If the queue fills up (default: 10,000 spans), the oldest span is dropped to make room. Losing a span is preferable to stalling the message loop. In practice this only occurs under extreme load or if the export backend is very slow.
You do not interact with the SpanQueue directly — it is wired by the runtime.
Custom export backends¶
The ExportBackend protocol has two methods:
class ExportBackend(Protocol):
async def export(self, spans: list[SpanData]) -> None: ...

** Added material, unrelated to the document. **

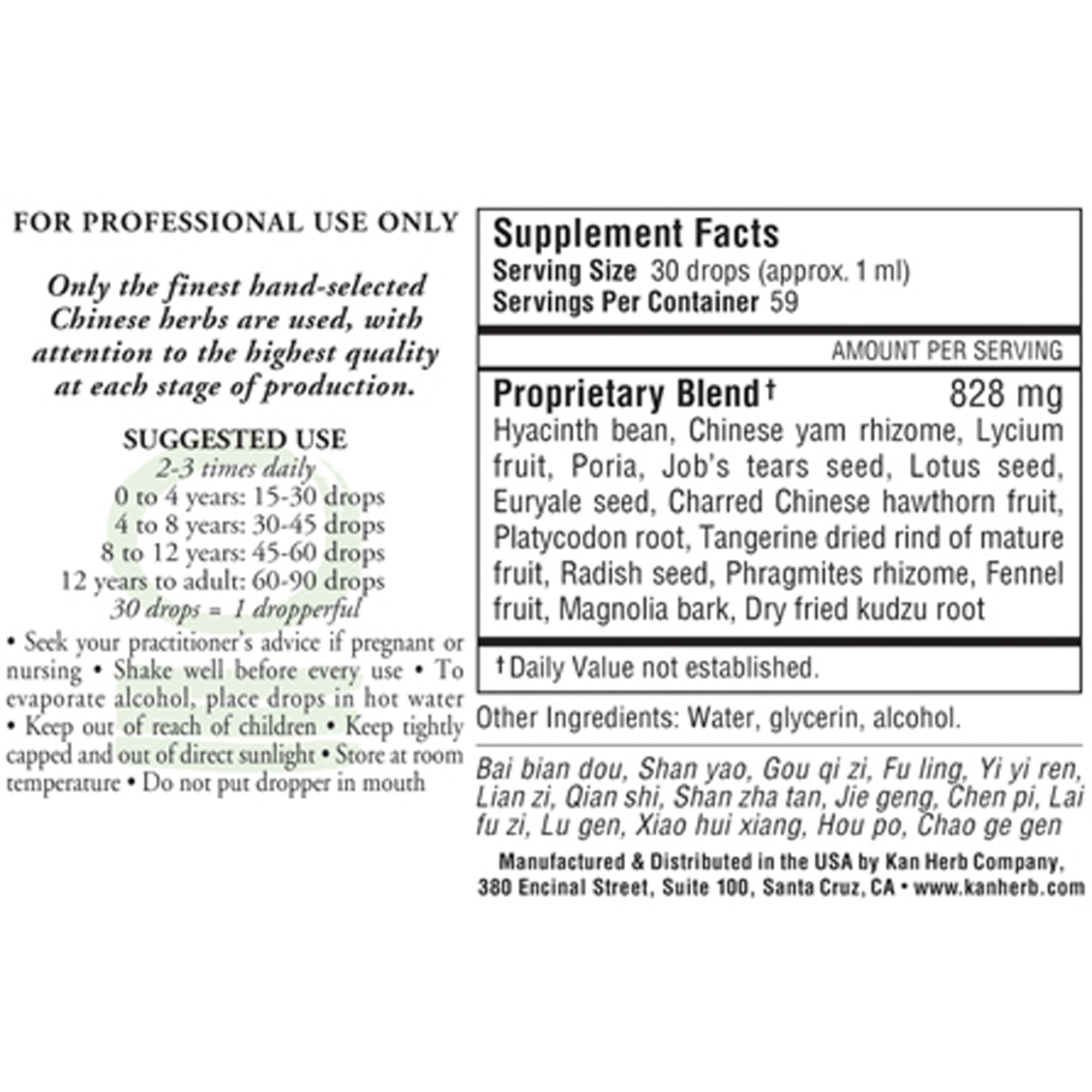 0-4 years (15-30 drops). 4-8 years (30-45 drops). 8-12 years (45-60 drops). 12-adult (60-90 drops). Always use 2-3 times daily.
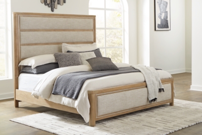 This California king upholstered bed’s classic yet contemporary good looks are hard to deny. Softly shaped posts and a light oak finish with wire-brushed wood grain texture lend an organic appeal to your soothing space.

async def shutdown(self) -> None: ...
Example — sending spans to a custom HTTP endpoint:
from civitas.observability.export_backend import ExportBackend
from civitas.observability.span_queue import SpanData
import aiohttp
class HttpBackend:
def __init__(self, url: str) -> None:
self._url = url
async def export(self, spans: list[SpanData]) -> None:
async with aiohttp.ClientSession() as session:
payload = [
{
"name": s.name,
"trace_id": s.trace_id,
"duration_ms": (s.end_time - s.start_time) * 1000,
"attributes": s.attributes,
"status": s.status,
}
for s in spans
]
await session.post(self._url, json=payload)
async def shutdown(self) -> None:
pass
Use FanOutBackend to export to multiple backends simultaneously:
from civitas.observability.export_backend import FanOutBackend, ConsoleBackend
backend = FanOutBackend([
ConsoleBackend(),
HttpBackend("https://my-collector/spans"),
])
Environment variables¶
| Variable | Default | Description |
|---|---|---|
OTEL_EXPORTER_OTLP_ENDPOINT |
None |
gRPC endpoint for OTLP export. If unset, falls back to console. |
AGENCY_SERIALIZER |
msgpack |
Serializer for messages: msgpack or json. |
Standard OTEL SDK environment variables (OTEL_SERVICE_NAME, OTEL_RESOURCE_ATTRIBUTES, etc.) are respected when opentelemetry-sdk is installed.
Cost attribution¶
Every LLM span carries llm.cost_usd. Aggregating this attribute by civitas.agent.name in your OTEL backend gives you per-agent cost attribution over time:
orchestrator $0.0421 (3 LLM calls)
researcher $0.0089 (1 LLM call)
summarizer $0.0003 (1 LLM call)
─────────────────────────────────────
Total $0.0513
The Anthropic provider computes cost from the model's token pricing. The LiteLLM provider uses LiteLLM's built-in cost calculation. Custom providers should populate cost_usd in ModelResponse for this to work.
Tips¶
Jaeger trace not appearing? Check that OTEL_EXPORTER_OTLP_ENDPOINT points to the gRPC port (default 4317), not the HTTP port (4318) or the Jaeger UI port (16686).
Spans not flushed on exit? Ensure await runtime.stop() is called — it calls force_flush() on the OTEL provider. If you Ctrl+C, register a signal handler that calls runtime.stop().
Too much noise in console mode? The built-in console output is at DEBUG level. Set logging.basicConfig(level=logging.INFO) to suppress it while keeping application logs.
Adding trace context to external HTTP calls? Inject message.trace_id and message.span_id as HTTP headers in your tool implementation to continue the trace across service boundaries.